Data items
● ● ● ● ●

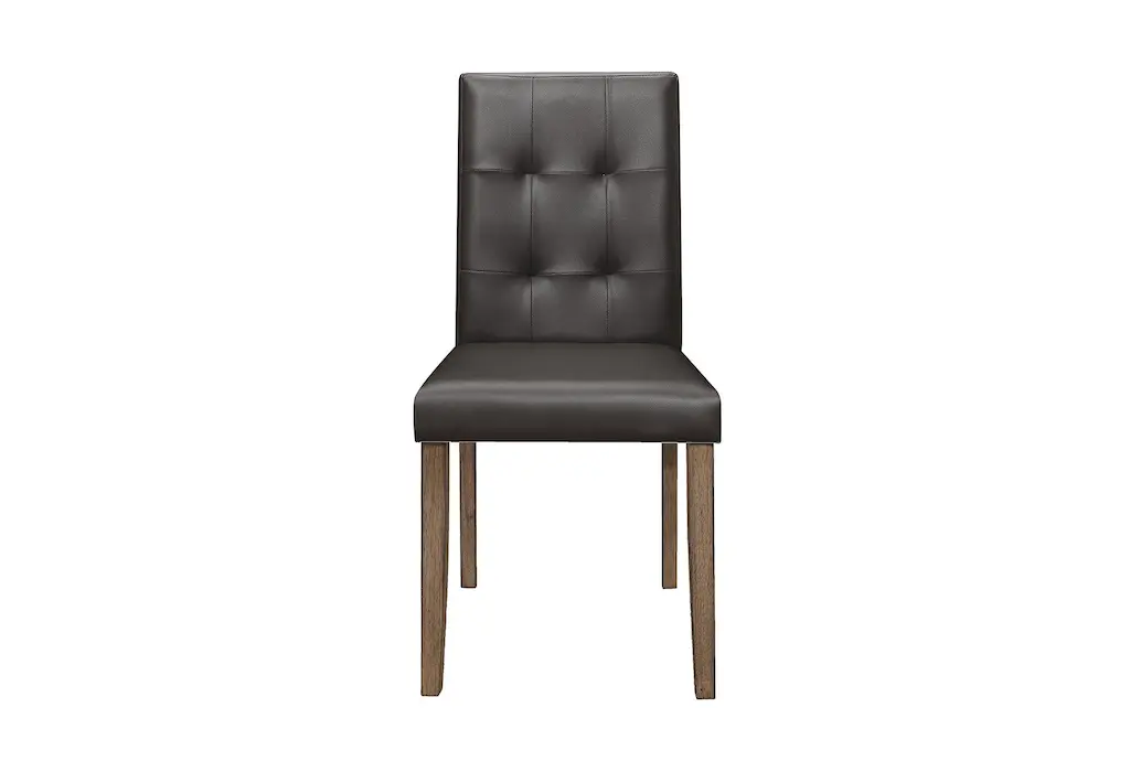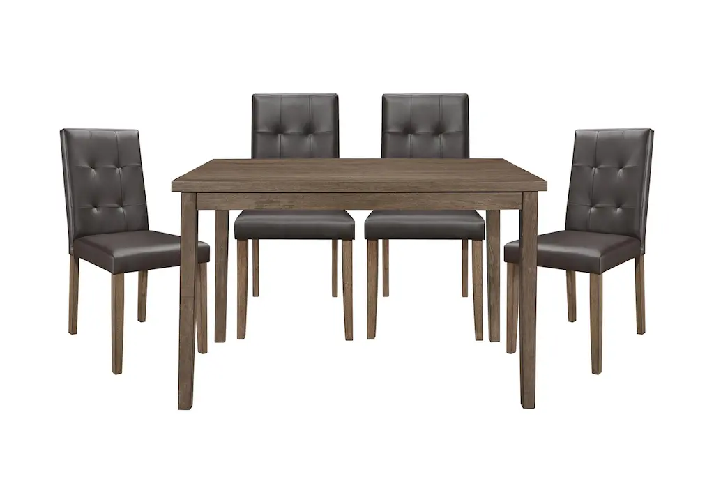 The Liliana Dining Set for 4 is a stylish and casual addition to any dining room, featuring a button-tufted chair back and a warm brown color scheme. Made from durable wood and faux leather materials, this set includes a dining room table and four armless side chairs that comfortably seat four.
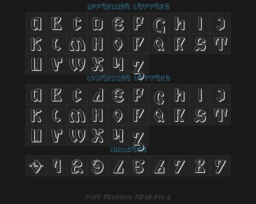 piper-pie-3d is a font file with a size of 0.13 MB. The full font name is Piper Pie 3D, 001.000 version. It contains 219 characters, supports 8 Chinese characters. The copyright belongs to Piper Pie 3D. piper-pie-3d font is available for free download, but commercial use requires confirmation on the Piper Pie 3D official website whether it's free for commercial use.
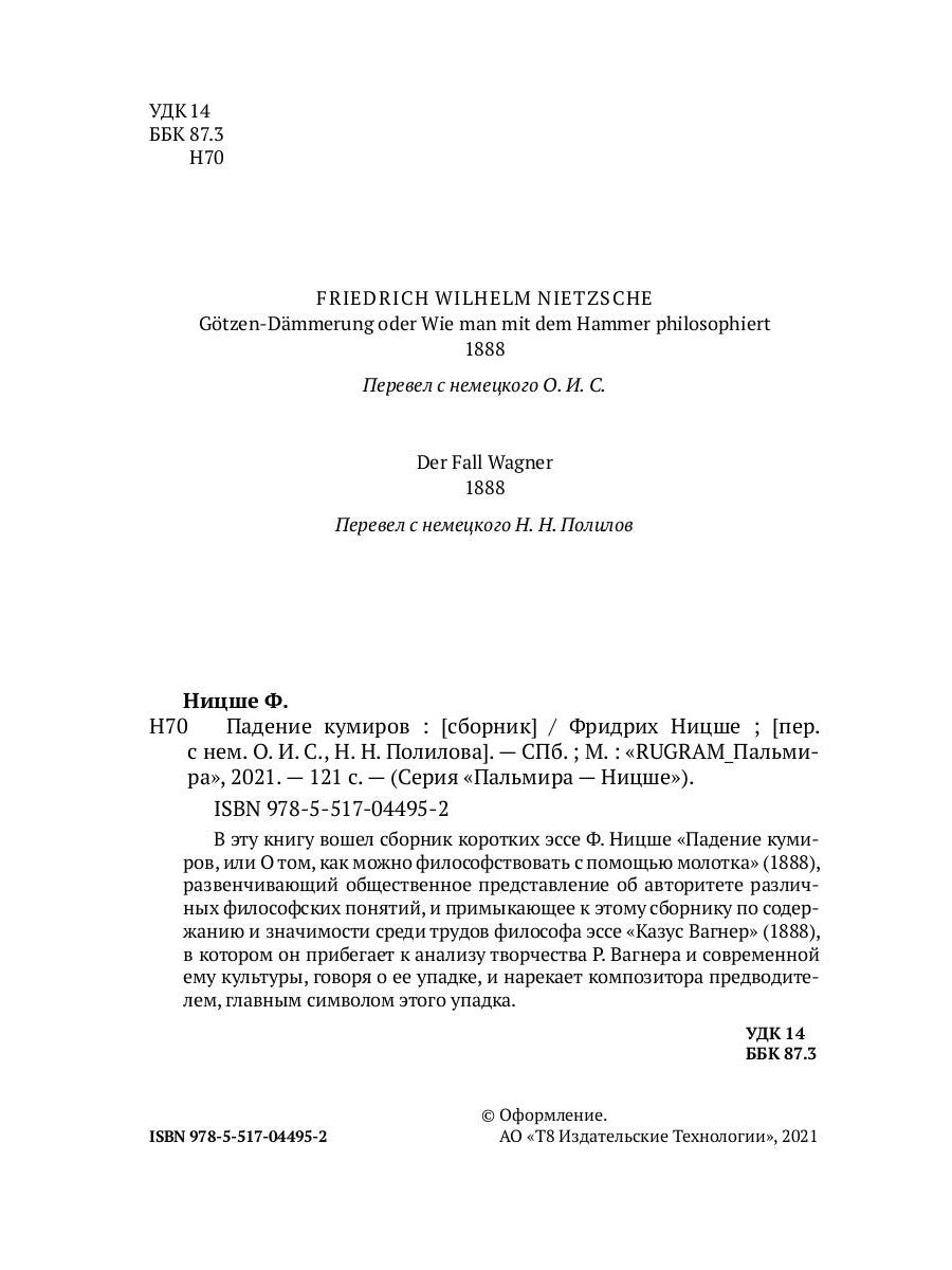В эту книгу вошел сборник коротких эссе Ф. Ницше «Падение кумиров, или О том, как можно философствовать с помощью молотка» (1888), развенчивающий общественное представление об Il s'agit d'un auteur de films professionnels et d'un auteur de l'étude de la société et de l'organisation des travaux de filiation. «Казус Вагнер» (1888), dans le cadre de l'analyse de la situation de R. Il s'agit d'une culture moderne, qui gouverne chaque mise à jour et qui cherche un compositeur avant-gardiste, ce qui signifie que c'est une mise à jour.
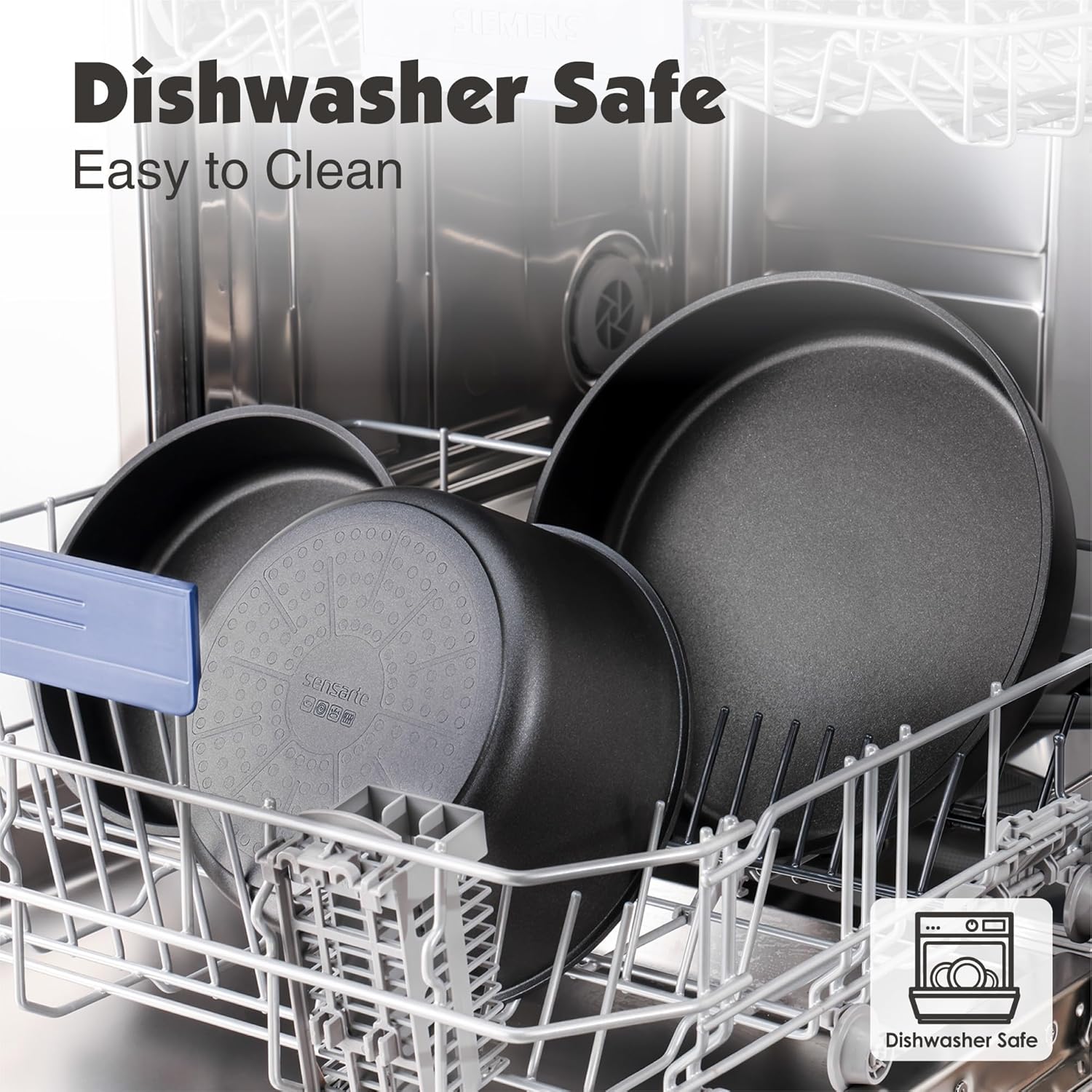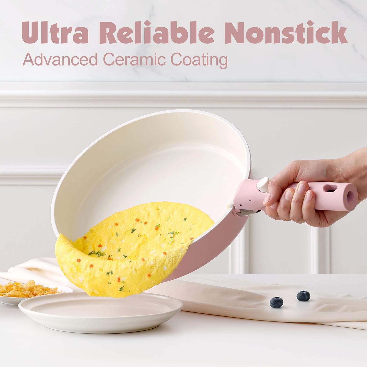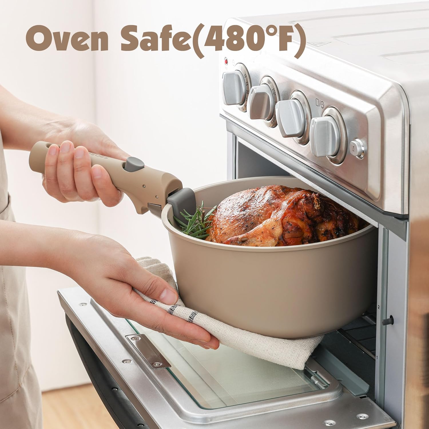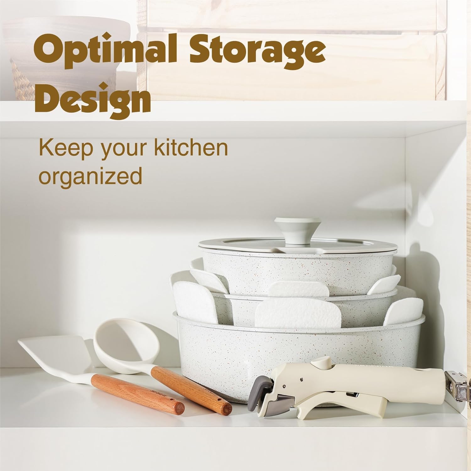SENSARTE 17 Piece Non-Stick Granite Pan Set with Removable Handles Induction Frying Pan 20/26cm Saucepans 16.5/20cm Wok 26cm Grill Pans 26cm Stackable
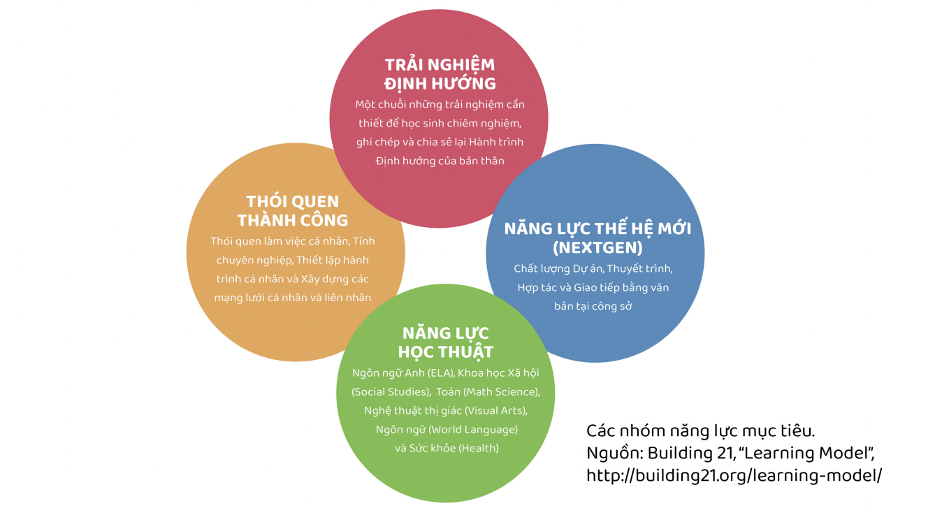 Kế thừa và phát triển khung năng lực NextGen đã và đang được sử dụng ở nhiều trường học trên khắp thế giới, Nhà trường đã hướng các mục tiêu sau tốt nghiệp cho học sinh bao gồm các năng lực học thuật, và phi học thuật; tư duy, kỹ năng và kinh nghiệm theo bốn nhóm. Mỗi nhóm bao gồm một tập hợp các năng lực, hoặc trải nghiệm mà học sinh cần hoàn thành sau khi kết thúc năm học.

● ● ● ● ●

-- Activity --
Your task is to set down each line above verbatim while excluding the pictures.

-- Task response --
 The Liliana Dining Set for 4 is a stylish and casual addition to any dining room, featuring a button-tufted chair back and a warm brown color scheme. Made from durable wood and faux leather materials, this set includes a dining room table and four armless side chairs that comfortably seat four.
 piper-pie-3d is a font file with a size of 0.13 MB. The full font name is Piper Pie 3D, 001.000 version. It contains 219 characters, supports 8 Chinese characters. The copyright belongs to Piper Pie 3D. piper-pie-3d font is available for free download, but commercial use requires confirmation on the Piper Pie 3D official website whether it's free for commercial use.
В эту книгу вошел сборник коротких эссе Ф. Ницше «Падение кумиров, или О том, как можно философствовать с помощью молотка» (1888), развенчивающий общественное представление об Il s'agit d'un auteur de films professionnels et d'un auteur de l'étude de la société et de l'organisation des travaux de filiation. «Казус Вагнер» (1888), dans le cadre de l'analyse de la situation de R. Il s'agit d'une culture moderne, qui gouverne chaque mise à jour et qui cherche un compositeur avant-gardiste, ce qui signifie que c'est une mise à jour.
SENSARTE 17 Piece Non-Stick Granite Pan Set with Removable Handles Induction Frying Pan 20/26cm Saucepans 16.5/20cm Wok 26cm Grill Pans 26cm Stackable
 Kế thừa và phát triển khung năng lực NextGen đã và đang được sử dụng ở nhiều trường học trên khắp thế giới, Nhà trường đã hướng các mục tiêu sau tốt nghiệp cho học sinh bao gồm các năng lực học thuật, và phi học thuật; tư duy, kỹ năng và kinh nghiệm theo bốn nhóm. Mỗi nhóm bao gồm một tập hợp các năng lực, hoặc trải nghiệm mà học sinh cần hoàn thành sau khi kết thúc năm học.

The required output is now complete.